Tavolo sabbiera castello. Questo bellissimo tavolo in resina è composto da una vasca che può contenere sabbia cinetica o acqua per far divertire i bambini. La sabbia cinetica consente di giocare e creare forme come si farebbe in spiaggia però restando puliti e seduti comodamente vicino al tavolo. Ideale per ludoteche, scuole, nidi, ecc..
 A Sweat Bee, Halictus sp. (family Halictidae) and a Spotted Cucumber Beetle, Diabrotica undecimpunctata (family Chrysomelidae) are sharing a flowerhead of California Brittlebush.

...

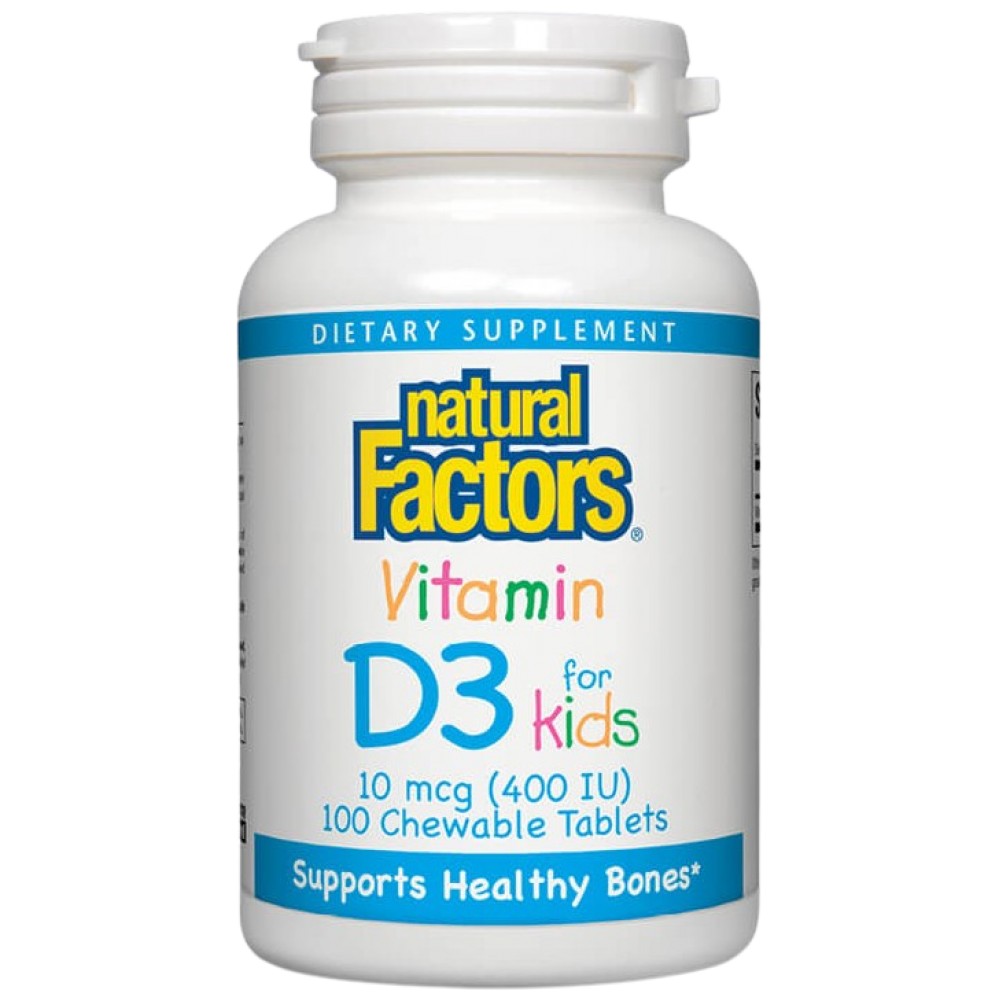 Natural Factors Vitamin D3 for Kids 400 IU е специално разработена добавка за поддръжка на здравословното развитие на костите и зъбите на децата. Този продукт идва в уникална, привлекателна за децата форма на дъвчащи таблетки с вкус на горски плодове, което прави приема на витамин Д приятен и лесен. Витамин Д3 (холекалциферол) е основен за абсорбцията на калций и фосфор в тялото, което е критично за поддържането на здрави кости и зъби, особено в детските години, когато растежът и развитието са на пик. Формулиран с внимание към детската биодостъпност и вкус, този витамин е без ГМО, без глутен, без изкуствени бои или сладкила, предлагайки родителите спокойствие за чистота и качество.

| Task item |
What do the lines above say from the one containing "Tavolo sabbiera castello." down to the one containing "A Sweat Bee, Halictus"? Return them exactly, both end lines included, and only them.

| Answer box |
Tavolo sabbiera castello. Questo bellissimo tavolo in resina è composto da una vasca che può contenere sabbia cinetica o acqua per far divertire i bambini. La sabbia cinetica consente di giocare e creare forme come si farebbe in spiaggia però restando puliti e seduti comodamente vicino al tavolo. Ideale per ludoteche, scuole, nidi, ecc..
 A Sweat Bee, Halictus sp. (family Halictidae) and a Spotted Cucumber Beetle, Diabrotica undecimpunctata (family Chrysomelidae) are sharing a flowerhead of California Brittlebush.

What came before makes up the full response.